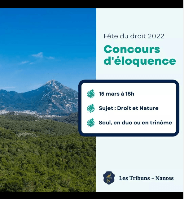 The TRibuns organized the Fête du droit competition within the Faculty of Law of Nantes. The theme of the 2022 edition was "Law and Nature".
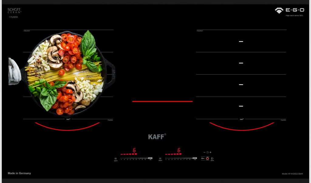 Bếp từ Kaff KF-IH2002LEBAR gồm 2 vùng nấu với tổng công suất 4000W. Vùng nấu trái có công suất là 2300W khi kích hoạt tính năng Booster công suất lên tới 3700W. Vùng nấu phải có công suất là 2300W khi kích hoạt tính năng Booster công suất lên tới 3700W. Chỉ trong chốc lát sau khi kích hoạt tính năng này, nhiệt lượng trên vùng nấu từ tăng lên công suất tương đương với mức nhiệt lượng lớn nhất. Do đó, các món ăn được nấu chín nhanh hơn, tiết kiệm thời gian vào bếp cho chị em nội trợ. Chức năng Booster nấu siêu nhanh, tuy nhiên thời gian tối đa mặc định dùng chức năng này là 10 phút / lần tránh quá tải.
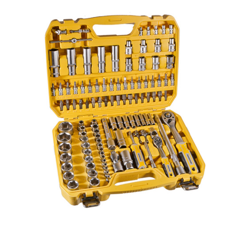 Набор инструментов для автомобиля Hanskonner , 108 предметов предназначен для ремонта и обслуживания автомобилей и других транспортных средств. Является незаменимым помощником для работы в гараже, автомастерской или сервисном центре.Преимущества Износостойкий материал изделий - CrV/ S2 Трехкомпонентные эргономичные рукоятки Надежные металлические замки и петли Ударопрочный кейс сохранит инструменты от повреждений Адаптеры для торцевых головок 1/2" и 1/4" в комплекте
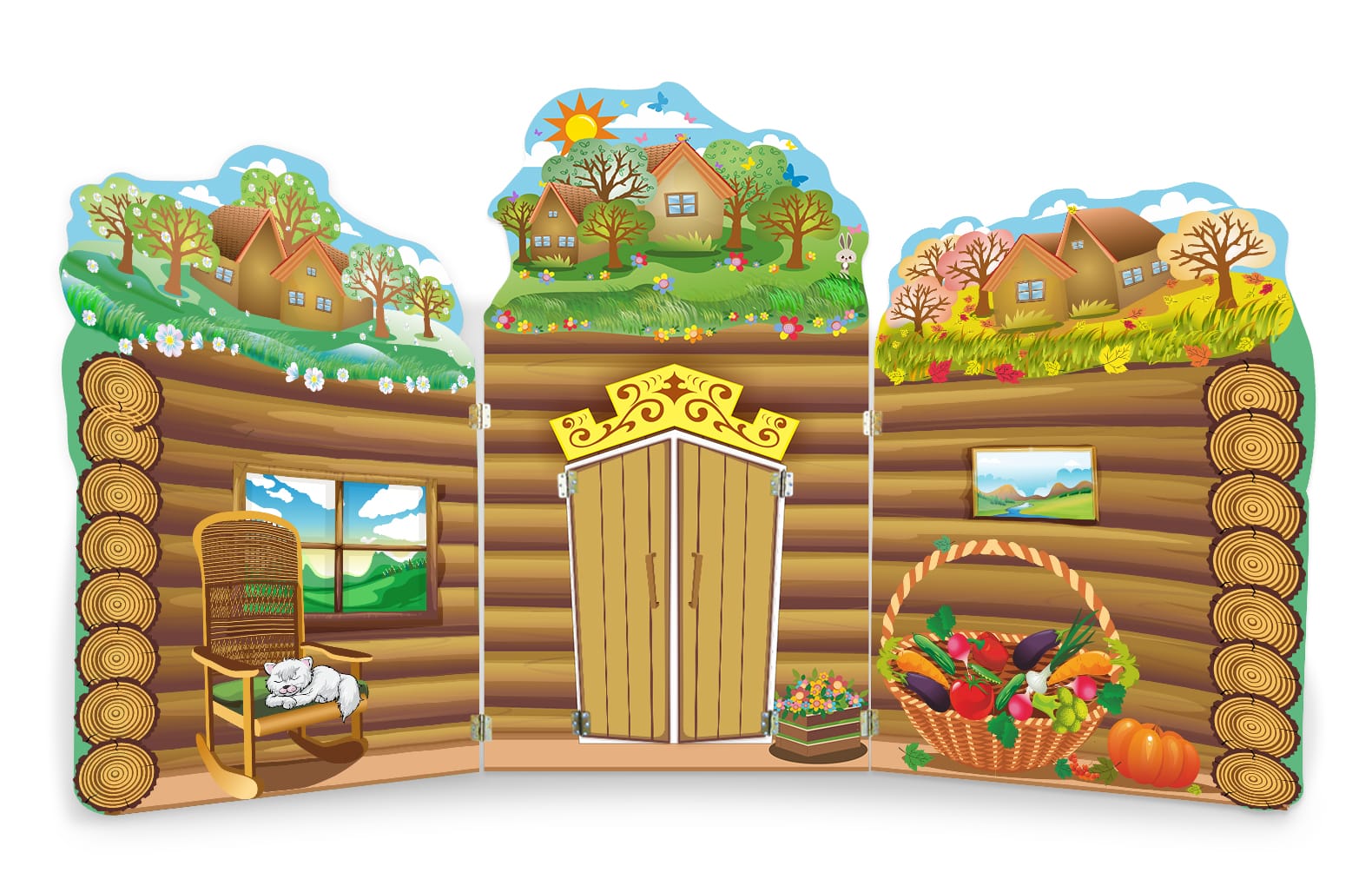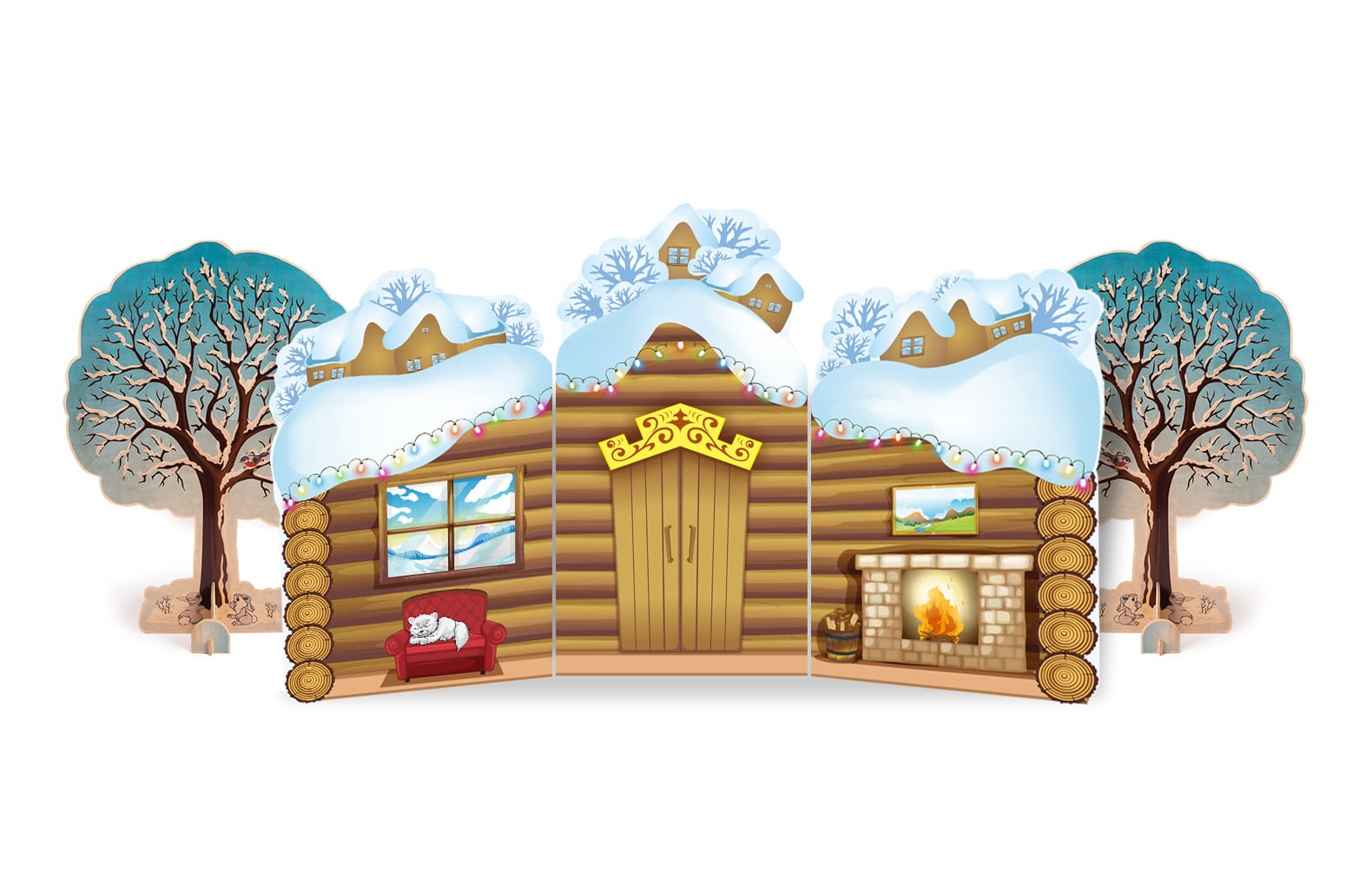В комплекте:Комплект декораций “В домике Лесовичка” :Дом со сменными магнитными элементами 310х170см ; дерево двустороннее Осень-Зима 90х120см (2 шт). Общий размер 400х170см
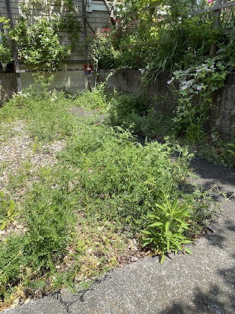 なのでここの雑草は抜かないでおこうと思いました(これ、田舎の土地と違ってかなり勇気のいる決断なんです)
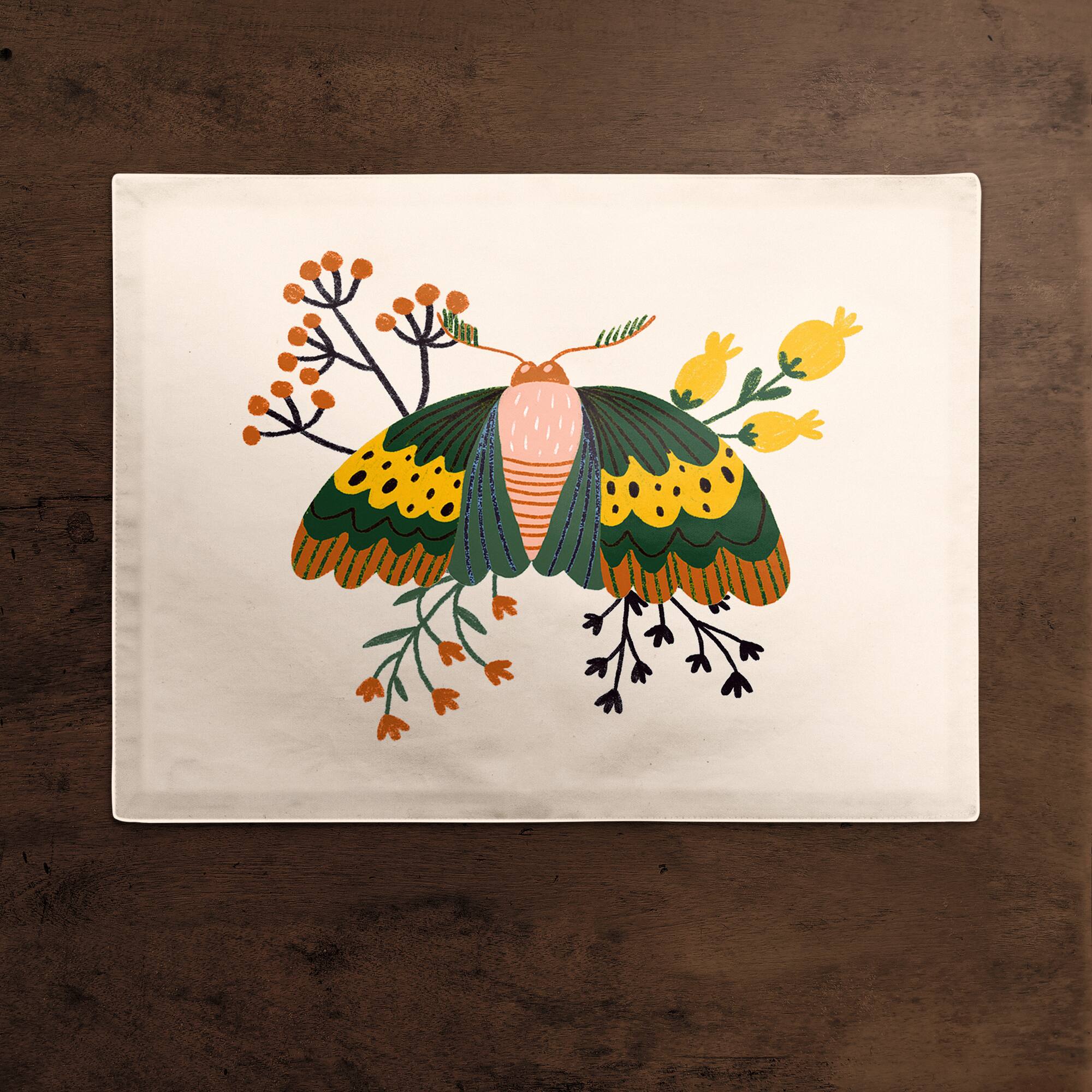 Floral Moth 18" x 14" Cotton Twill Placemat
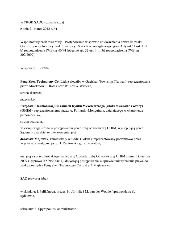 WYROK SĄDU (czwarta izba) z dnia 21 marca 2012 r.(*) Wspólnotowy znak towarowy – Postępowanie w sprawie unieważnienia prawa do znaku – Graficzny wspólnotowy znak towarowy FS – Zła wiara zgłaszającego – Artykuł 51 ust. 1 lit. b) rozporządzenia (WE) nr 40/94 [obecnie art. 52 ust. 1 lit. b) rozporządzenia (WE) nr 207/2009] W sprawie T‑227/09 Feng Shen Technology Co. Ltd, z siedzibą w Gueishan Township (Tajwan), reprezentowana przez adwokatów P. Ratha oraz W. Festla‑Wieteka, strona skarżąca, przeciwko Urzędowi Harmonizacji w ramach Rynku Wewnętrznego (znaki towarowe i wzory) (OHIM), reprezentowanemu przez A. Folliarda‑Monguirala, działającego w charakterze pełnomocnika, strona pozwana, w której drugą stroną w postępowaniu przed izbą odwoławczą OHIM, występującą przed Sądem w charakterze interwenienta, jest Jarosław Majtczak, zamieszkały w Łodzi (Polska), reprezentowany początkowo przez J. Wyrwasa, a następnie przez J. Radłowskiego, adwokatów, mającej za przedmiot skargę na decyzję Czwartej Izby Odwoławczej OHIM z dnia 1 kwietnia 2009 r. (sprawa R 529/2008‑4), dotyczącą postępowania w sprawie unieważnienia prawa do znaku pomiędzy Feng Shen Technology Co. Ltd a J. Majtczakiem, SĄD (czwarta izba), w składzie: I. Pelikánová, prezes, K. Jürimäe i M. van der Woude (sprawozdawca), sędziowie, sekretarz: S. Spyropoulos, administrator, po zapoznaniu się ze skargą złożoną w sekretariacie Sądu w dniu 10 czerwca 2009 r., po zapoznaniu się z odpowiedzią na skargę złożoną przez OHIM w sekretariacie Sądu w dniu 24 listopada 2009 r., po zapoznaniu się z odpowiedzią na skargę złożoną przez interwenienta w sekretariacie Sądu w dniu 28 listopada 2009 r., po zapoznaniu się z repliką złożoną w sekretariacie Sądu w dniu 1 kwietnia 2010 r., po zapoznaniu się z dupliką złożoną w sekretariacie Sądu w dniu 29 czerwca 2010 r., po przeprowadzeniu rozprawy w dniu 18 października 2011 r., wydaje następujący Wyrok Okoliczności powstania sporu 1 Skarżąca, Feng Shen Technology Co. Ltd, jest spółką prawa tajwańskiego, która wytwarza i dystrybuuje rozmaite artykuły, do których należą zamki błyskawiczne. Jest ona w szczególności właścicielem rozlicznych tajwańskich znaków towarowych, zarejestrowanych w szczególności dla towarów z klasy 26 Porozumienia nicejskiego dotyczącego międzynarodowej klasyfikacji towarów i usług dla celów rejestracji znaków z dnia 15 czerwca 1957 r., w zrewidowanym i zmienionym brzmieniu, odpowiadających w szczególności opisowi następującej treści: „zamki błyskawiczne”, które stanowią następujące oznaczenie graficzne: Image not found 2 W 2000 r. skarżąca nawiązała stosunki handlowe z interwenientem, J. Majtczakiem, który prowadził w Polsce działalność handlową pod nazwą handlową „P H U Berotex”. 3 W ramach wymiany wiadomości poczty elektronicznej ze skarżącą interwenient odnosił się do prezentującego zamki błyskawiczne katalogu skarżącej. Faktury wystawione przez skarżącą w ramach jej stosunków handlowych z interwenientem były opatrzone wcześniejszymi tajwańskimi znakami towarowymi, którym towarzyszył symbol ®. 4 Stosunki handlowe pomiędzy skarżącą a interwenientem ustały w styczniu 2005 r. 5 Skarżąca zwróciła się do innego dystrybutora na terytorium Polski, mianowicie do spółki Pik Foison sp. z o.o., utworzonej w 2004 r. 6 W dniu 7 czerwca 2005 r., na podstawie rozporządzenia Rady (WE) nr 40/94 z dnia 20 grudnia 1993 r. w sprawie wspólnotowego znaku towarowego (Dz.U. 1994, L 11, s. 1), ze zmianami [zastąpionego rozporządzeniem Rady (WE) nr 207/2009 z dnia 26 lutego 2009 r. w sprawie wspólnotowego znaku towarowego (Dz.U. L 78, s. 1)], interwenient zgłosił do rejestracji w Urzędzie Harmonizacji w ramach Rynku Wewnętrznego (znaki towarowe i wzory) (OHIM) wspólnotowy znak towarowy. 7 Znak towarowy, o którego rejestrację wniesiono w dniu 15 maja 2006 r. pod numerem 4431391, zgłoszony dla towarów z klasy 26 porozumienia nicejskiego, odpowiadających następującemu opisowi: „zamki błyskawiczne”, to następujące oznaczenie graficzne: Image not found 8 W dniach 29 września i 2 października 2006 r. polskie organy celne zajęły na wniosek interwenienta partię zamków błyskawicznych znajdujących się w posiadaniu spółki Pik Foison i opatrzonych wcześniejszymi tajwańskimi znakami towarowymi. 9 W dniu 17 października 2006 r., na podstawie art. 51 ust. 1 lit. b) rozporządzenia nr 40/94 [obecnie art. 52 ust. 1 lit. b) rozporządzenia nr 207/2009], skarżąca złożyła wniosek o unieważnienie prawa do znaku zarejestrowanego pod numerem 4431391 w oparciu o uzasadnienie, że dokonując zgłoszenia znaku, interwenient działał w złej wierze. Skarżąca podniosła w szczególności, że interwenient wiedział, iż skarżąca używała w Unii Europejskiej oznaczenia składającego się z wielkich liter „F” i „S” jako znaku towarowego dla zamków błyskawicznych i że zgłoszenie spornego znaku zostało dokonane w celu uniemożliwienia tego używania. 10 W dniu 24 stycznia 2008 r. Wydział Unieważnień wydał decyzję odrzucającą wniosek o unieważnienie prawa do znaku. 11 W dniu 25 marca 2008 r. skarżąca wniosła do OHIM odwołanie od decyzji Wydziału Unieważnień. 12 Decyzją z dnia 1 kwietnia 2009 r. (zwaną dalej „zaskarżoną decyzją”) Czwarta Izba Odwoławcza OHIM oddaliła odwołanie. Zauważyła ona, po pierwsze, że nie istnieje definicja legalna pojęcia złej wiary i że ogólnie rzecz biorąc, chodzi o zachowanie niezgodne z uczciwymi praktykami w handlu. 13 Następnie Izba Odwoławcza uznała, że dokonując zgłoszenia, zgłaszający może działać w złej wierze, gdy zgłasza on znak towarowy, wiedząc, ze względu na bezpośrednie stosunki, które utrzymuje z osobą trzecią, że osoba ta używa w dobrej wierze i zgodnie z prawem identycznego znaku towarowego d
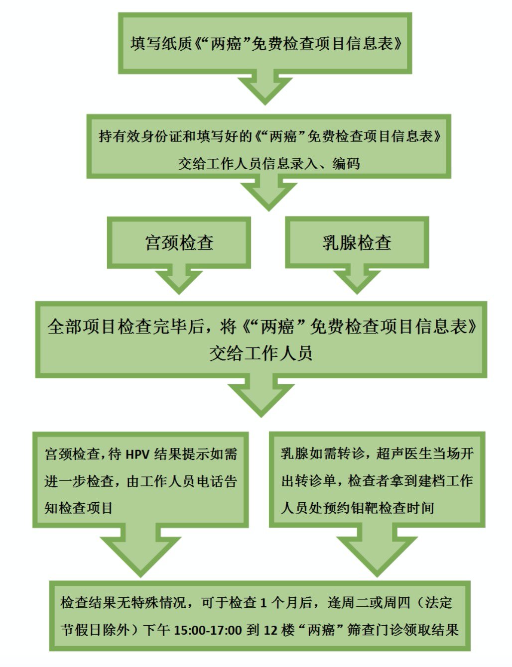 “两癌”筛查指引流程如下:
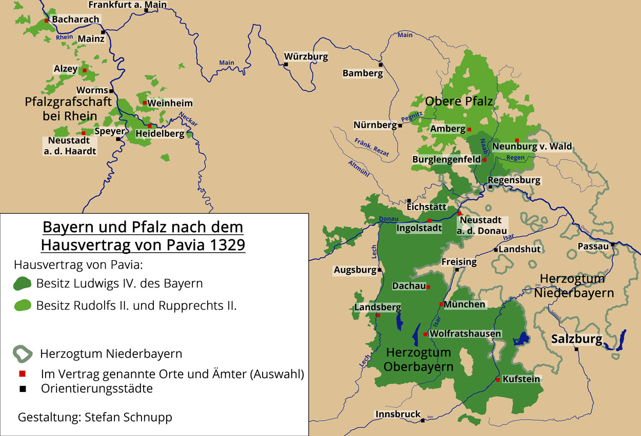 Bayern und Pfalz nach dem Hausvertrag von Pavia 1329. (Gestaltung: Stefan Schnupp) HLB

• • • • • • •

> _About this exercise_
Only the lines of the listing above from the one with "なのでここの雑草は抜かないで" through the one with "Cotton Twill Placemat" should be output, exactly, with both ends kept and pictures left out.

> _Final answer_
 なのでここの雑草は抜かないでおこうと思いました(これ、田舎の土地と違ってかなり勇気のいる決断なんです)
 Floral Moth 18" x 14" Cotton Twill Placemat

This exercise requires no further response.